Monday, February 22, 2010

No Matter How Diligent You Are...

Today, I got an email from a service provider I have only rarely used stating that they had been the victim of a successful hacking attempt. They reassured me that they didn't store any credit card details but I should change my password as soon as possible.

This is the second time this has happened in the past year and both sites are fairly insignificant in the grand scheme of things. They aren't, for example, financial services sites so I shouldn't panic unduly.

I have no changed my password on the offending website so all's well, right?

Wrong!

Whoever hacked this site may now have my name, address, email address and a password they know I have used in the past. Matching this password and email address may grant them access to other services I use online. That's not an unreasonable assumption on the part of the hacker, of course. How many people reuse their "favourite" password on each service they sign up to?

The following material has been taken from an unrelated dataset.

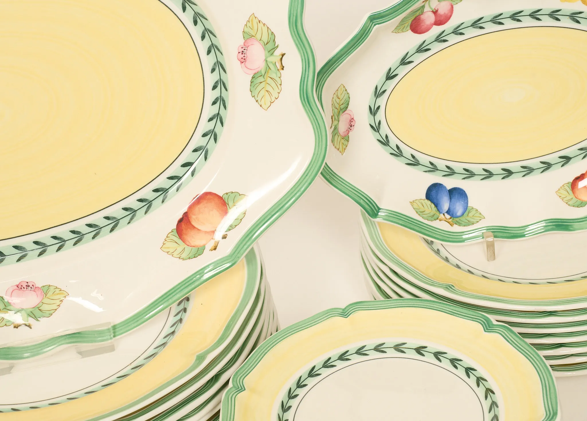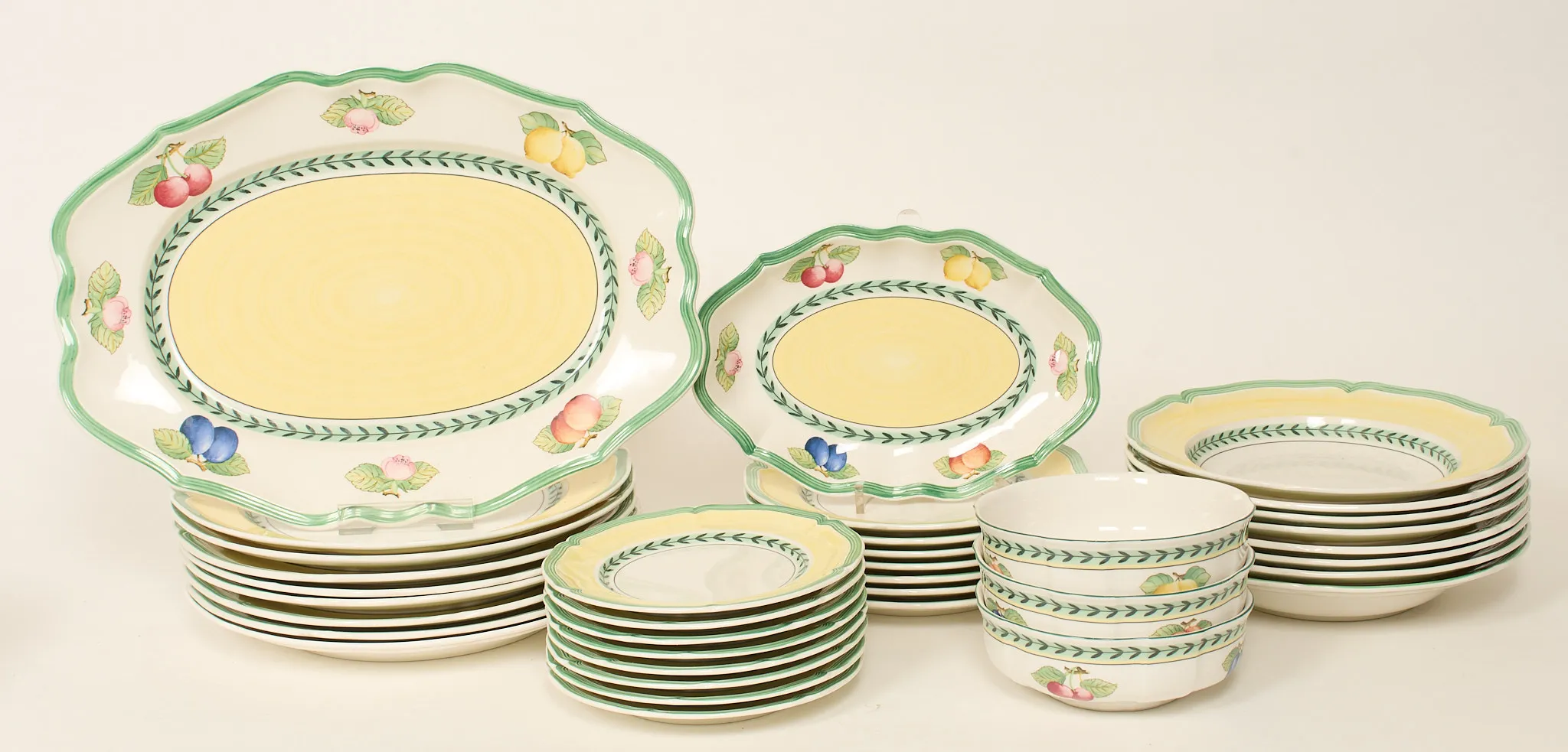 36 delar, 8 små assietter, 7 assietter, 8 mattallrikar, 3 skålar, 8 djupa, 2 uppläggningsfat. Smärre bruksslitage.

I think of myself as fairly diligent, though. I do have a "favourite" password. In fact, I have 3/4 "favourite" passwords! But NONE of them are used for my mission critical services: banking, being one!

However, I should now consider that one of my "favourite" passwords has been compromised and should be decommissioned. That now means I should take a look through my password safe and change the password on those services that make use of this now redundant password. What a pain!

The personal damage has been contained somewhat. My mission critical services are still safe. (In fact, I have no idea what the password is for these services and have no intention of ever "learning" what I have them set to!) If only everyone else behaved as responsibly. In fact, if only I behaved even more responsibly by having a separate password for every service I use!

My tips for the day, then, are:
  • Even if you have a high-quality password, always consider it vulnerable as you have no idea how your service provider stores your password
  • Try to create a different password for each of the services that you use (and avoid prefixing or suffixing your "favourite" password with the service details - passw0rdebay and passw0rdfacebook are stupid passwords)
  • If you still feel confident reusing your "favourite" password, avoid the temptation to use it for your banking services
  • Re-evaluate what a mission-critical service is. Banking is definitely mission-critical, but your reputation is also critical and having your Facebook or Twitter accounts compromised because of a slack password policy isn't clever either
  • Invest in a password management tool - even something as simple as Password Safe ought to do the trick and it is free!